This article describes one possible solution and outlines a programming paradigm that could be developed as a standard. The solution has already been used successfully on several levels of computers, from main frames and microcomputers to 8-bit RISC chips for smart cards and embedded systems. The paradigm proposed is a standard that can apply to all levels of programming activity, with considerable flexibility for customization. It has the potential to eliminate most of the problems mentioned earlier and is small enough that the entire system could be encrypted for each computer and server. It would simplify or eliminate all operating systems.
The paradigm utilizes an expandable language, which can be converted to a byte string on any computer. The byte string is completely independent of the target computer for the application. Using the rules established for the paradigm, a simple compiler can process any application written in terms of the expandable language. In fact, the rules are so simple that we can develop an application without the need for a compiler, generating a byte string for acceptance by the run system. The end of the article explains how readers can obtain a copy of the simple compiler and a basic expandable language, to try that phase out.
The run system processes the generated string of byte codes. To do this, it uses a double numeric system, which uniquely identifies every element needed within an application. This technique makes the virtual processor run system very tiny, from three or four thousand bytes for 8 bit RISC chips using typical smart card and embedded systems applications, to seven or eight thousand bytes for a microcomputer with simple graphics, to somewhat more for the processing of video images and other more demanding applications. The numeric coding system used uniquely identifies every activity that the system will carry out, making for a fast running application. The numeric codes of the paradigm are unique, which makes it possible to add new capability without affecting what was already developed.

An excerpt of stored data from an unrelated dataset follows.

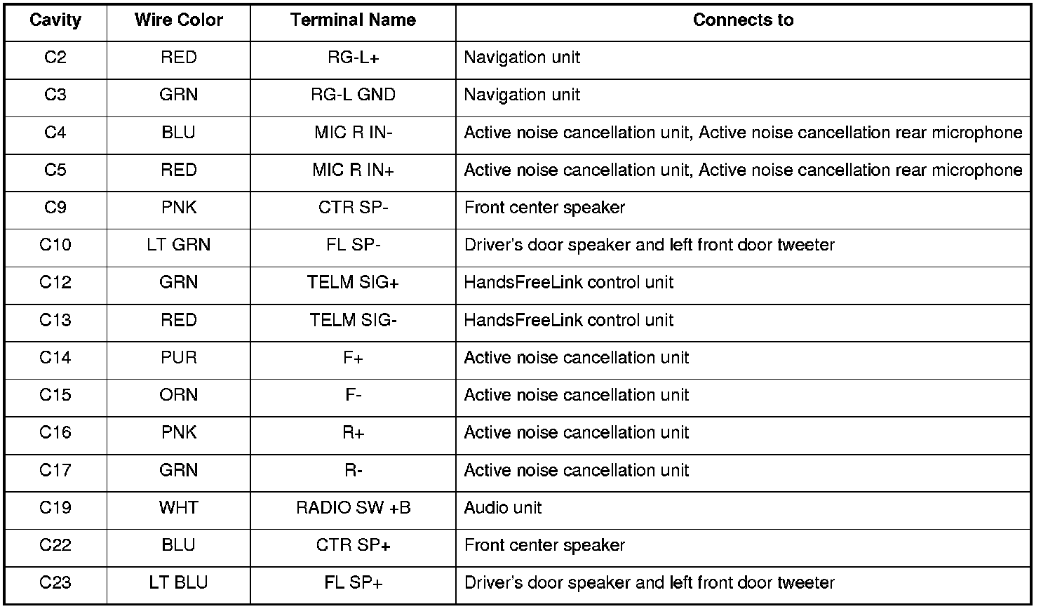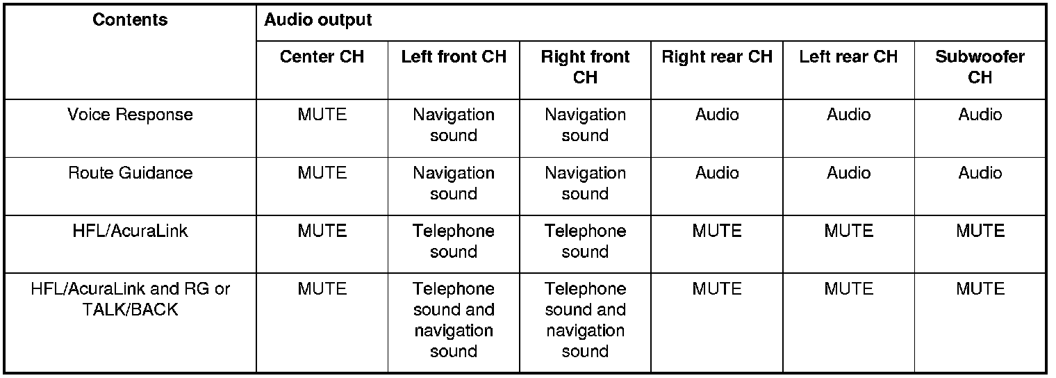 The optional navigation system provides voice control for the front/rear audio, the XM, and the CD player. Voice control commands are communicated through the GA-Net (audio unit). When using the TALK/BACK or route guidance (RG), only the center speaker is muted and the front speakers give the navigation instructions. When using the HFL/AcuraLink, the center speaker, the rear speakers, and the subwoofer are muted and the front speakers give the telephone sound. When using the HFL/AcuraLink and the RG (Route Guidance) or voice response, the center speaker, the rear speakers, and the subwoofer are muted and the front speakers give the telephone sound and the navigation instructions. Muting commands are passed on the GA-Net bus. For more information, see the navigation section. The outline of the audio interruption function is shown in the following table.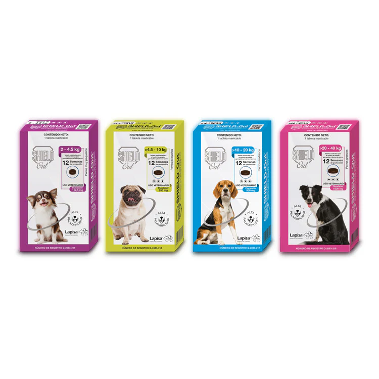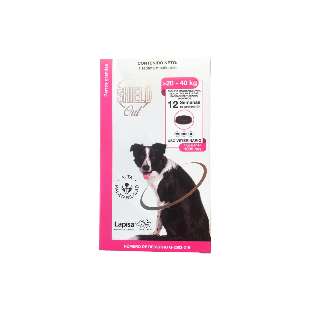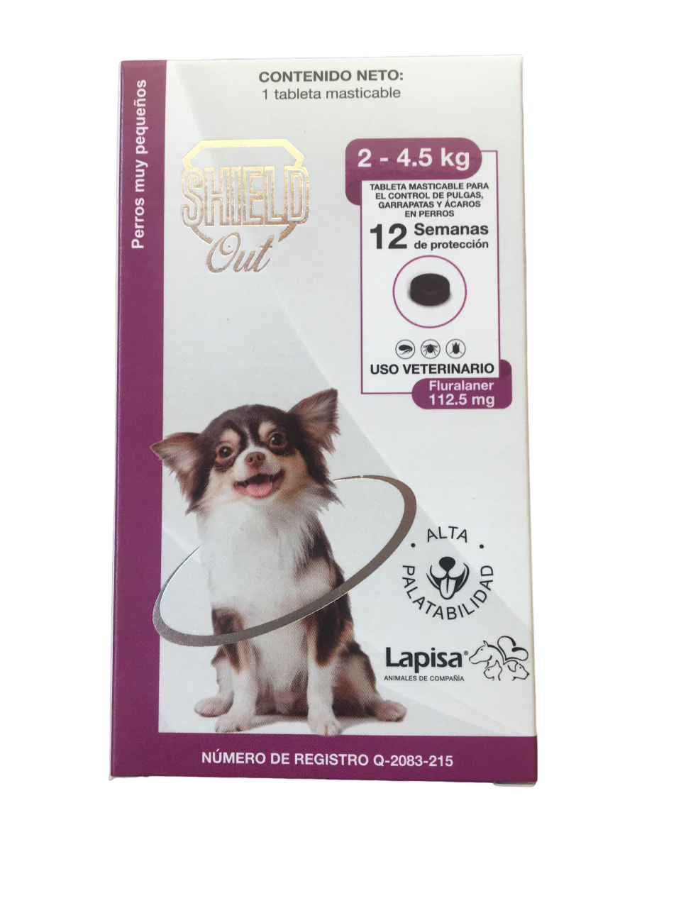 Acaricida e insecticida sistémico. Shield-Out es un acaricida e insecticida sistémico de acción inmediata indicado para controlar las infestaciones por ectoparásitos (garrapatas y pulgas) en perros por un periodo de 12 semanas. Es efectivo contra la garrapata Rhipicephalus sanguineus (larvas, ninfas y adultas) y pulgas (Ctenocephalides canis). Shield-Out está recomendado para el tratamiento de la demodicosis causada por Demodex spp., en perros.
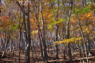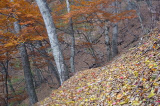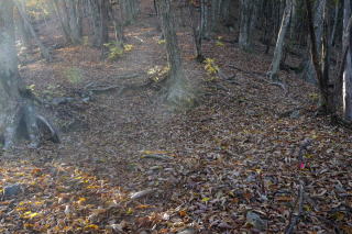 ![]() 途中、落ち葉の海で、どこに道があるのかわからない。 I could not identify the trail in the sea of dead leaves. |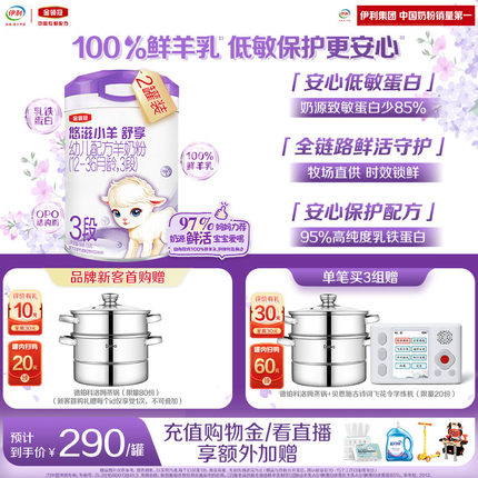 伊利金领冠悠滋小羊舒享3段12-36个月婴幼儿低敏羊奶粉700g*2罐

To Compile or Not to Compile: That is the Question
The author has had experience in developing compilers and a JAVA run system. FORTRAN and COBOL (as for C, C++, PL1, and other compilers) generate a machine language structure, which utilizes a library of subroutines. In JAVA, a string of byte codes is generated which requires a library of methods and similar structures. The libraries for both approaches tend to be large. FORTRAN and COBOL are quite limited in their capabilities while JAVA is verbose with a clumsy vocabulary. Even the very simple ubiquitous "hello world" application in JAVA needs a huge amount of methods and resources.
The compiler for the paradigm of this paper is itself very small and can be placed, if desired, at the front of the run system, taking just a few hundred more bytes (as the compiler and run system have mutual routines). In that situation, the language elements, rather than the byte codes, are presented to the system, which generates the byte codes first and then runs them. This mode is particularly useful for safety critical applications (where the compiler and the application have to be tested whenever a change to either occurs). For the remainder of this article, let us assume that the compile is complete and the system was presented with a string of byte codes. Figure 1 shows the compile operation.
Figure 1: The compiler converts language elements to byte codes.
All elements of the run system are static. The only variable part of the paradigm is the generated byte stream, which will vary from application to application.
Every application consists of a string of language elements that may be associated with parameters such as numbers or variable names. With the exception of numeric data and literals, all language elements and variables are converted to a single byte. Each language element is associated with a number currently running from 0 to 255, although at present only a fraction are used. It is unlikely that more than 256 will ever be needed but, if so, the number can simply be increased to just short of 65536, without in any way affecting what has been developed before such an extension takes place.
Some typical examples of language elements are:
looping 1 1 100 adr grt
screen ^hello world to^ name
arith alpha = beta + gamma / delta + 13
The language elements shown are "looping," "screen," "bitmap," and "arith," which will have a numeric code associated with them such as 3,5,+, or *.
For the element "looping" the numbers 1 1 100 represent looping parameters going from 1 by steps of 1 to 100. The symbols adr and grt represent transfer points for the true or false result of the operation. Such a language statement may result in the byte code sequence 2(1(1(d25.
The (1 indicates that a numeric number has been converted to its binary equivalent—in this case a 1. The 25 indicates that the second and fifth named language statements are to be transferred to depending on the result of the looping arithmetic (this is done automatically during the compile process). Other language elements give alternate forms of loop control.
The element "screen" might result in the byte code sequence 511, indicating that the first literal is to be placed on the screen, followed by the first variable, which would likely contain the name of a person receiving the message. It has been ascertained that few applications contain more than 256 variable names. While this is the limit in the initial system, extension to just less than 65536 variable names can be accomplished without disturbing what has been developed previously.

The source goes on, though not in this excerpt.